Nearly a year ago, my Mum and I cooked up the idea of walking the Trans-Pennine Trail. Honestly, I wasn’t that mad about that particular trail; it didn’t look very pretty. Nor did I like the symbolism of walking to Armpit, where it ends – I’d rather walk away. But I did fancy heading off into the wilderness for two weeks to see what I was made of.

Pete wasn’t mad about it either; he wanted to go walking with me, so the new plan, to leave him in charge of Casa Uborka while I went off to have fun, was pretty unappealing. I mollified him by arranging some walking weekends on the Thames Path with him, and we had a lovely time, as has been mentioned before. Meanwhile Mum started training and was soon walking 15 miles twice a week, far more than I have the time to manage.

By the time September came, I had made a plan and booked the hotels. Bernard was two weeks into secondary school, which you’ll agree was not great timing. We planned to take two weeks to walk the 215 miles, and I, probably rather annoyingly, decided only to walk the first week. I didn’t really want to be away for so long.

It was the day of various travel disruptions when we both travelled to Liverpool, me from the south and she from the east. Eventually we met in Liverpool, took ourselves for a glass of wine in celebration of the adventures to come, and checked into our hotel near Aintree. I wrote in my diary, Mum’s rucksack is very heavy and full of stuff. I might have to go through it. Four chargers (all essential), a spare comb, large bag of make up, no reading glasses.

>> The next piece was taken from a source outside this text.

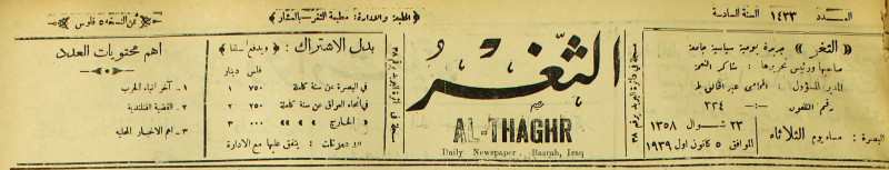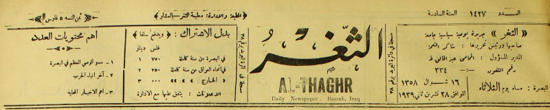 جريدة يومية سياسية عامة = AL-Thaghr : A Daily Newspaper

Day One: Southport-Aintree 16.5 miles

After a cooked breakfast in Asda, we took a bus to Southport. We had our trail cards stamped at the tourist office, and then attempted to find the official start. What we actually found was the entrance to Southport Air Show, and some jobsworth young officials who would not under any circumstances allow two harmless old women to walk over to the ‘Eye’ for a photo op. It’s been all over the internet, they said. They didn’t even mention it to us in the tourist office, we replied. I got my camera out to take some pictures of the situation, and they immediately relented and escorted us reluctantly to the start of the trail.

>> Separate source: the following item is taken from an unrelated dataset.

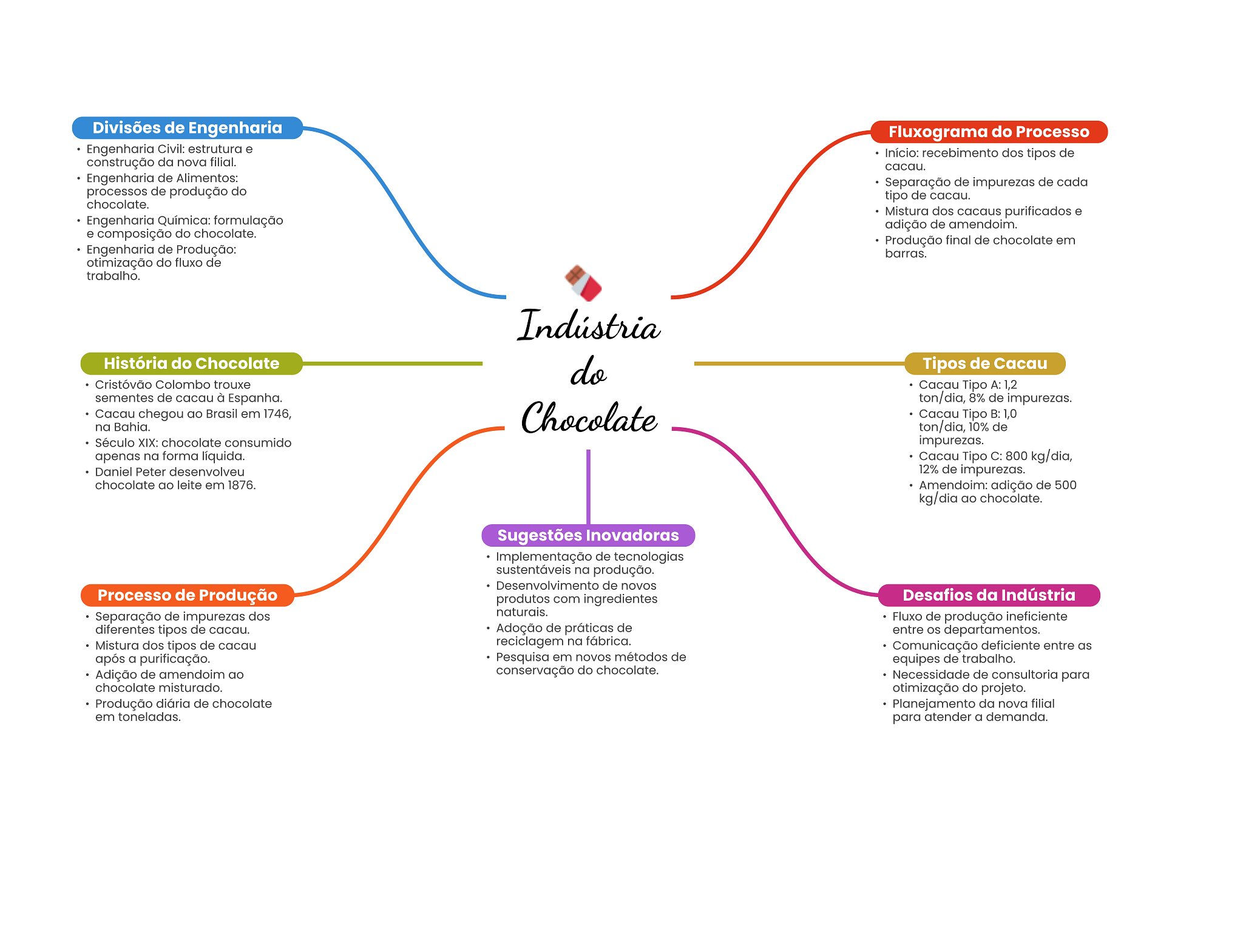 Divisões de Engenharia Fluxograma do Processo Engenharia Civil: estrutura e Início: recebimento dos tipos de construção da nova filial. cacau. Engenharia de Alimentos: Separação de impurezas de cada processos de produção do tipo de cacau. chocolate. Mistura dos cacaus purificados e Engenharia Química: formulação adição de amendoim. e composição do chocolate. Produção final de chocolate em Engenharia de Produção: barras. otimização do fluxo de trabalho. Indústria História do Chocolate do Tipos de Cacau Cristóvão Colombo trouxe Cacau Tipo A: 1,2 sementes de cacau à Espanha. ton/dia, 8% de impurezas. Cacau chegou ao Brasil em 1746, Chocolate Cacau Tipo B: 1,0 na Bahia. ton/dia, 10% de Século XIX: chocolate consumido impurezas. apenas na forma líquida. Cacau Tipo C: 800 kg/dia, Daniel Peter desenvolveu 12% de impurezas. chocolate ao leite em 1876. Amendoim: adição de 500 kg/dia ao chocolate. Sugestões Inovadoras Implementação de tecnologias sustentáveis na produção. de novos Processo de Produção produtos com ingredientes Desafios da Indústria Separação de impurezas dos naturais. Fluxo de produção ineficiente diferentes tipos de cacau. Adoção de práticas de entre departamentos. Mistura dos tipos de cacau reciclagem na fábrica. Comunicação deficiente entre as após a purificação. Pesquisa em novos métodos de equipes de trabalho. Adição de amendoim ao conservação do chocolate. Necessidade de consultoria para chocolate misturado. otimização do projeto. Produção diária de chocolate Planejamento da nova filial em toneladas. para atender a demanda.

And then we were off! For a long time, we walked beside sand dunes with a distant view of the sea; and then turned east into farmland and along the Cheshire Lines, the first of many disused railways. We sat on the corner of a field to eat our sandwiches and feel pleased with our progress under the pleasant warm sun. After another 7 miles of railway we were very happy to reach a canal for a few minutes, before turning off for our hotel. Ravenous, we ate early and slept badly.

Day Two: Aintree- Hale Village 17 miles

It was drizzling when we left our hotel, but we sat it out in a Costa on a retail park, the only thing open early on a Sunday morning. The route today was mostly leafy railway line, with a cafe break around 12 where we made the mistake of having a cream tea instead of a proper lunch. We were too full to feel like eating again, so were not very well fuelled for the rest of the day. We have about 30 cereal bars between us, but they’re not very appealing. The last part of the day brought us around John Lennon Airport, into a council estate, and then we attempted to cut the corner into Hale Village and got a bit bogged down in a field for a while. Mum spent most of the day grumbling either about Runkeeper or her knock-off fitbit, and advising me that the second day would be the hardest. Her theory is that we will get fitter as we go; I believe we will get tireder.

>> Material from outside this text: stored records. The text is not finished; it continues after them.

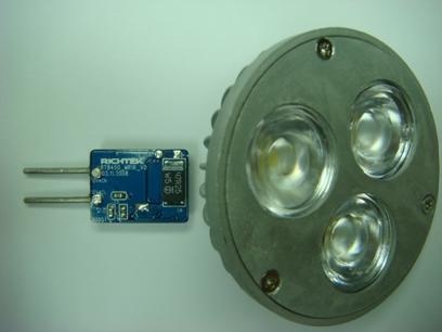 此外RT8450采用了非常小的WDFN封裝并具有4.5-40V輸入電壓范圍,這使得RT8450的驅動電路能提供很寬的驅動電壓范圍及輸入保護。RT8450的工作溫度高達125℃,可以在MR16燈具內的高溫環境中安全地工作。其500kHz的開關頻率使驅動電路可以采用小尺寸的電感和電容,另外升降壓電路架構可以將輸入濾波電容容值降低,這樣便可以將驅動電路放置在MR16燈具中,如圖2所示。
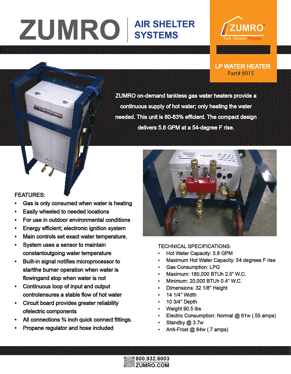 ZUMRO offers a complete line of DECON Accessories to help you complete your mission. ZUMRO offers a full line of water heating and handling accessories, including water heaters, sump pumps, soap injectors, manifold kits and beyond. ZUMRO can also prepare you for all of your patient handling needs. Our custom built roller tables and wheelchairs lightweight and corrosion resistant. They are ideal for emergency use. Made 100% in the USA.
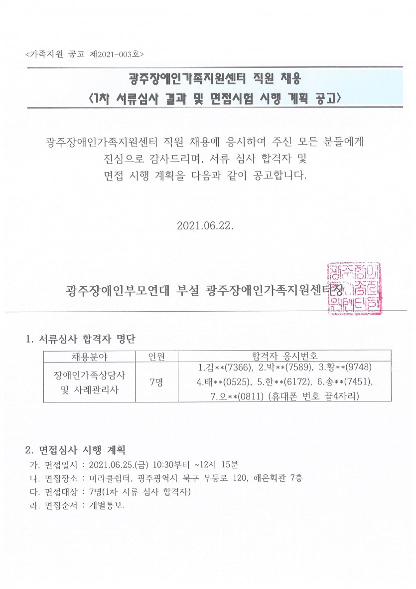 광주장애인가족지원센터 직원채용 1차서류 심사 결과 및 면접시험 시행 계획공고

Nice B&B with lots of fruit and biscuits in the room (but apparently that’s breakfast too). The B&B owner did come and fetch us from the pub where we had dinner, and donated a tenner to mum’s charity Macmillan Nurses. Pretty knackered, but still slept badly.

Day Three: Hale-Lymm 19 miles

Hale to Widnes at the start of the day was deceptively pretty, and in Widnes we turned down some hot sausage rolls in the cafe where we took our morning teabreak. This turned out to be a terrible mistake.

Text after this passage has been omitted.